A Civil War-Styled ROMEO & JULIET Opens This Friday at 8pm

by RoxyRegionalTheatre on March 8, 2013

My bespectacled and braced gentleman with the beautiful and gracious wife generously donated the authentic Civil War-era uniforms for our first Sesquicentennial production, the musical The Civil War, following a conversation we had where I explained that, after the cost of two rentals, we would have paid enough to own them ourselves. Since we were planning to use them for The Civil War and The Red Badge of Courage and will use them for Ambrose Bierce’s Civil War Stories (“An Occurrence at Owl Creek Bridge,” “Chickamauga” and “Killed at Resaca”) as well as for Romeo & Juliet, the uniforms have more than paid for themselves.

In the past, I’ve been critical of those who present The Bard in anything other than high Elizabethan or, now my favored choice, modern dress. We have tried on numerous occasions to recreate on our little “Wooden O” a look-alike, pseudo-Shakespearean production. Whether we have succeeded or failed will be left for posterity to decide.
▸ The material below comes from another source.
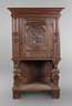 wohl Mitte 17. Jh., Eiche massiv, braun gebeizt, eintüriger Korpus mit fein geschnitzter Front, Kassettenfüllung mit Darstellung der Flucht aus Ägypten, die Lisenen ebenfalls kassettiert und floral geschnitzt, getragen von zwei halbplastischen Karyatiden, alt restauriert, mit späteren Ergänzungen, mit Schlüssel , H 171 x B 103 x T 55 cm.
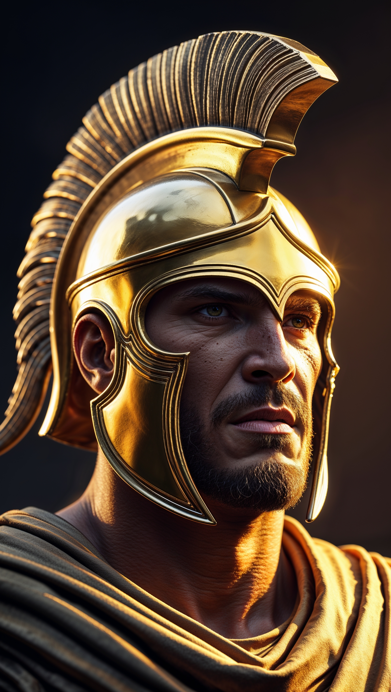 1664x2944 Close-up of a Spartan warrior with a golden helmet and dramatic lighting

But I have found that to follow The Bard’s advice, focusing on the “words, words, words” and letting go of the trappings, makes for a clearer and a more easily followed plotline.

Mr. Gelb, director of The Metropolitan Opera, has tried to engage a newer audience by placing such iconic operas as A Masked Ball during the American Depression and setting Rigoletto in 1960s Las Vegas. It’s the “music, music, music,” not the trappings.

To clarify the deep grudge between the Capulets and the Montagues, I could have made them the Hatfields and the McCoys or the Sharks and the Jets, ala West Side Story. But since good sense and the aforementioned generosity prevailed, the Capulets will be in the best Union attire, while the Montagues will be Confederates to the end.

Leslie Greene has been the apotheosis of a repertory actress, juggling roles, life and lines while performing in The Vagina Monologues by night, playing the evil Miss Rottenmeier in Heidi by day, both rehearsing and performing Always…Patsy Cline, and now double-cast as Lady Montague and the Nurse in Romeo & Juliet.

Yet, amid all of that wildly-structured chaos, we have started the sets for Peter Pan. All of this happens on a 20’ x 25’ space, wingless with jerry-rigged flies. And speaking of Peter Pan, we are creating Neverland with men’s ties; so if anyone has out-of-style or outdated neckties, we would be grateful to have them for the set.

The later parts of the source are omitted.